Self-Seeding Of Oligo(P-Phenylenevinylene)-B-Poly(2-Vinylpyridine) Micelles: Effect Of Metal Ions

Self-seeding is a useful protocol for generating elongated fiberlike block copolymer micelles of uniform length starting with micelle fragments obtained by sonication of long polydisperse micelles. In this process, the suspension of micelle fragments is heated in the selective solvent to temperatures where nearly all the fragments dissolve. The surviving fragments serve as seed nuclei for micelle growth when the solution is cooled. While there is evidence that the nature and length of the corona polymer plays a role in determining the characteristic dissolution temperature (T-c) of the micelle fragments and other aspects of the self-seeding process, our understanding of these effects are limited.
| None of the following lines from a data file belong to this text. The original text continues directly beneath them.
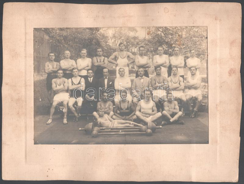 cca 1920-1930 Súlyemelők csoportképe, kartonra kasírozott fotó, jelzés... https://www.darabanth.com/hu/477-Gyorsarveres/477.0/Fotomuveszet/Foto~2000001/cca-1920-1930-Sulyemelok-csoportkepe-kartonra-kasirozott-foto-jelzes-nelkul-kisse-hulla~II3217751
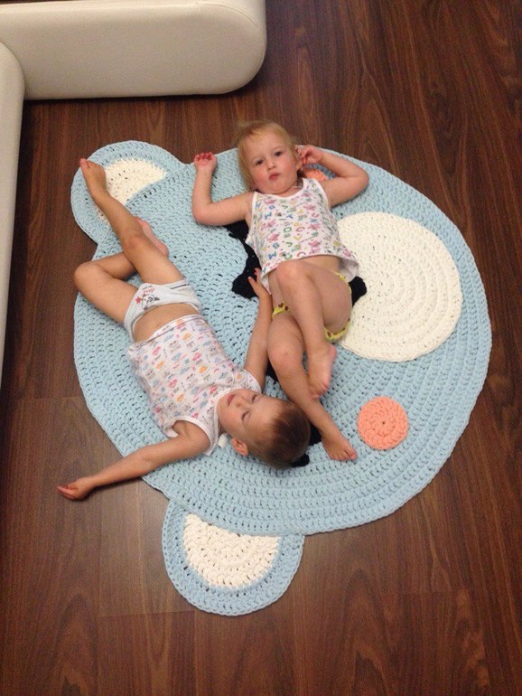 Коврик славный. Дети не делят его? И ещё вопрос: что за пряжа интересная, как ленточки?
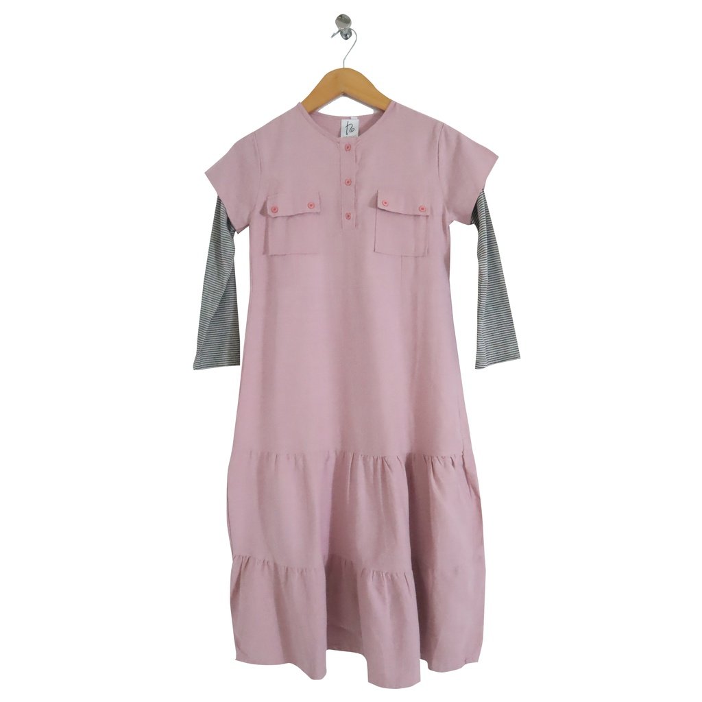 Gamis Kesan 2pcs model anak dengan gamis bahan rami dan kombinasi bahan kaos dibagian lengan dengan model kancong depan dan model gamis berkerut tingkat dibagian bawah.dengan desain yang simpel dan bahan yang nyaman digunakan untuk sehari-hari Dapat digunakan untuk couple ibu dan anak. Kode ibu (dewasa LG 746).
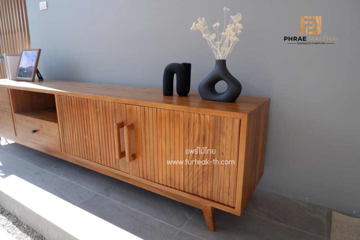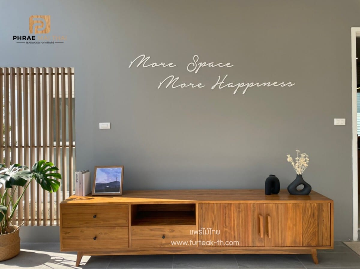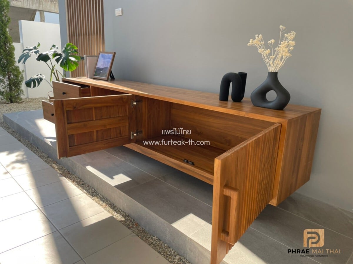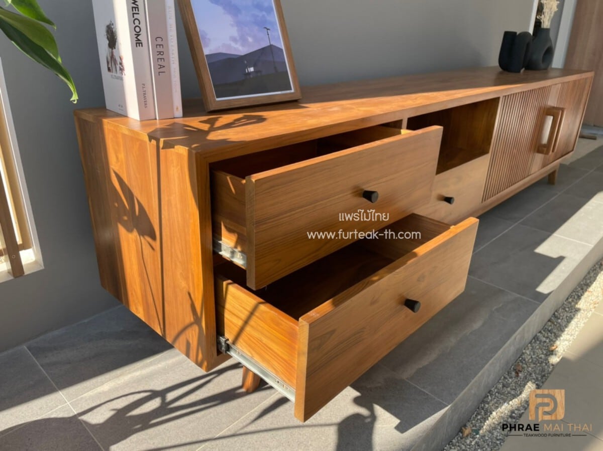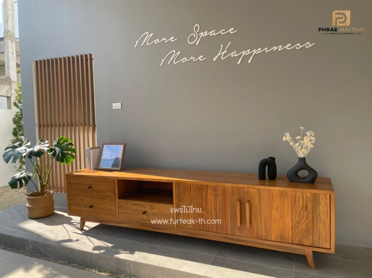 ชั้นวางทีวี โมเดริ์น 3 ลิ้นชัก 2 บานเปิด เป็นไม้สักทองอบแห้ง ซึ่งคุณสมบัติของไม้เป็นไม้เนื้อแข็งอายุตั้งแต่ 30 ปีขึ้นไป เราเลือกใช้ไม้สักที่มีคุณภาพและใช้กระบวนการอบไม้ จึงทำให้ไม้มีการคงสภาพ ความชื้นน้อย และโอกาสไม้หดตัวน้อยมาก
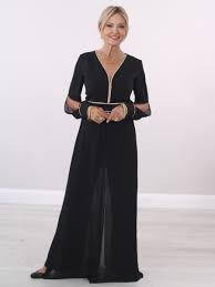 Zwarte jumpsuit met dubbele laag aan de pijpen. Er zit een doorzichtige tweede laag chiffon waardoor de broek een feestelijk effect krijt. De jumpsuit is afgezet met goud. De mouwen zijn ook van een doorzichtig chiffon
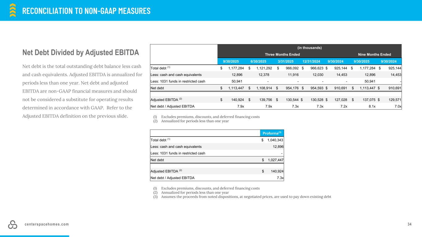 centerspacehomes.com 33 Reconciliation of Net Income (Loss) Available to Common Shareholders to Adjusted EBITDA Adjusted EBITDA is earnings before interest, taxes, depreciation, amortization, gain or loss on sale of real estate and other investments, impairment of real estate investments, gain or loss on extinguishment of debt, gain or loss from involuntary conversion, and other non-routine items or items not considered core to business operations. The company considers Adjusted EBITDA to be an appropriate supplemental performance measure because it permits investors to view income from operations without the effect of depreciation, financing costs, or non-operating gains and losses. Adjusted EBITDA is a non-GAAP financial measure and should not be considered a substitute for operating results determined in accordance with GAAP. RECONCILIATION TO NON-GAAP MEASURESRECONCILIATION TO NON-GAAP MEASURES (1) Consists of (gain) loss on investments and one-time professional fees (in thousands) Three Months Ended Nine Months Ended 9/30/2025 6/30/2025 3/31/2025 12/31/2024 9/30/2024 9/30/2025 9/30/2024 Adjusted EBITDA Net income (loss) attributable to controlling interests $ 53,783 $ (14,515) $ (3,734) $ (5,079) $ (1,048) $ 35,534 $ (6,249) Adjustments: Distributions to Series D preferred unitholders 109 160 160 160 160 429 480 Noncontrolling interests – Operating Partnership and Series E preferred units 9,197 (2,483) (643) (900) (1,095) 6,071 (2,735) Income (loss) before noncontrolling interests – Operating Partnership and Series E preferred units $ 63,089 $ (16,838) $ (4,217) $ (5,819) $ (1,983) $ 42,034 $ (8,504) Adjustments: Interest expense 12,989 10,719 9,622 9,782 8,932 33,330 27,443 Loss on extinguishment of debt 3 - - - - 3 - Depreciation and amortization related to real estate investments 29,056 27,076 27,632 27,616 26,059 83,764 78,736 Impairment of real estate investments 8,676 14,543 - - - 23,219 - Non-cash casualty loss (recovery) (123) 149 282 2,171 (632) 308 261 Interest income (724) (729) (616) (662) (558) (2,069) (1,300) (Gain) loss on sale of real estate (77,280) - - - - (77,280) 577 Other miscellaneous items(1) (455) 19 (67) (455) (61) (503) (35) Adjusted EBITDA $ 35,231 $ 34,939 $ 32,636 $ 32,633 $ 31,757 $ 102,806 $ 97,178
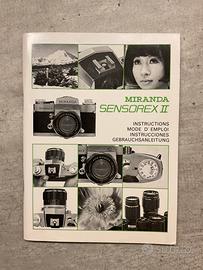 Manuale originale per fotocamera reflex Miranda Sensorex II, in ottime condizioni. Include la guida multilingue e il libretto d’istruzioni italiano distribuito da Ilford S.p.A. Contiene tabelle ASA/DIN, guida all’esposizione, uso del flash e schemi tecnici. Indispensabile per collezionisti.

Here, we examine self-seeding of fiberlike micelle fragments in ethanol of an oligo(p-phenylenevinylene)-b-poly(2-vinylpyridine) (OPV5-b-P2VP(42), the subscripts denote degrees of polymerization) block copolymer in which we introduced different amounts of divalent metal ions (Cu2+, Zn2+ Mn2+, and Cd2+) to promote complexation without affecting the packing of the micellar core. We found that the resistance of seed micelles of OPV5-b-P2VP(42) toward dissolution increased significantly as the percentage of metal ions to pyridyls was increased from 0 to about 5% and then showed a more gradual increase as the metal ion content was increased to 20%. These phenomena can be interpreted in terms of the formation of noncovalent cross-linking within the P2VP layer. Metal complexation should lead to contraction of the dimension of the corona chains, decreasing corona chain repulsion and the tension exerted on the core by the stretched P2VP chains in the metal-free micelles. Cross-linking would also require additional energy to break interchain coordinating bonds between pyridyls and metal ions for both the detachment of unimers from micelles and fragmentation of micelles. Metal ion complexation also reduces the mobility of P2VP chains. This effect appears to slow the addition rate of the free unimer to the surviving seed micelles in the cooling/aging step in the self-seeding process.